Work instructions: Would you transcribe the lines running from the one that holds "3-pinowy przełącznik suwakowy" to the last line of the records? Leave every picture out.

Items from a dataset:
=== Section Start ===

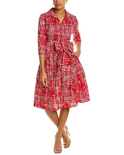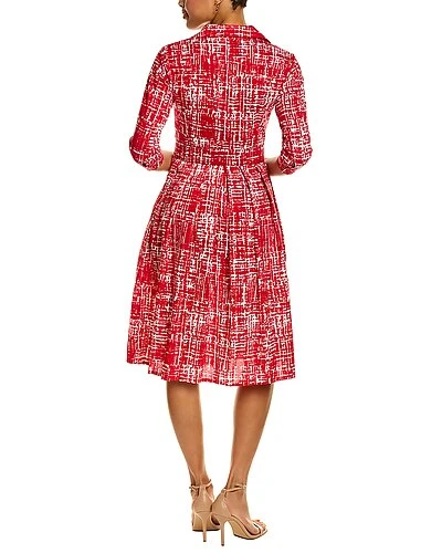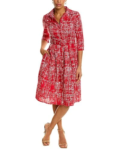 - Audrey 3 Shirtdress in hemp bouche red with 3/4-length sleeves, pleated skirt, side seam pockets, belted waist, and matching tie sash
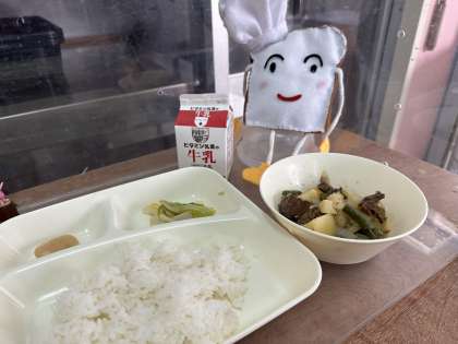 今日の給食は、肉じゃが、はくさいのゆず風味、白花豆の煮ものです。
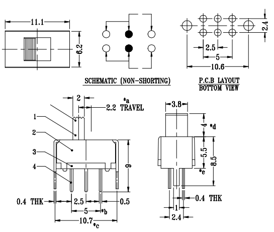 3-pinowy przełącznik suwakowy Dpdt Mini ElectronicsKolejny:
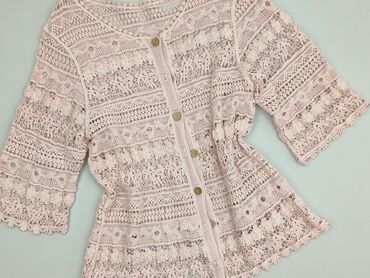 Sweterek/kardigan damski w kolorze jasnego pudrowego różu. - Krój: luźny, otwarty bez zapięcia; szerokie rękawy do łokcia/3/4; lekko dłuższy tył, ściągacz przy dole i przy krawędzi przodu. - Splot...
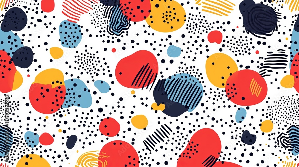 Wall mural : Charming doodle pattern background featuring abstract shapes and dots in a modern vector design, ide

=== Section End ===

Answer for this exercise:
 3-pinowy przełącznik suwakowy Dpdt Mini ElectronicsKolejny:
 Sweterek/kardigan damski w kolorze jasnego pudrowego różu. - Krój: luźny, otwarty bez zapięcia; szerokie rękawy do łokcia/3/4; lekko dłuższy tył, ściągacz przy dole i przy krawędzi przodu. - Splot...
 Wall mural : Charming doodle pattern background featuring abstract shapes and dots in a modern vector design, ide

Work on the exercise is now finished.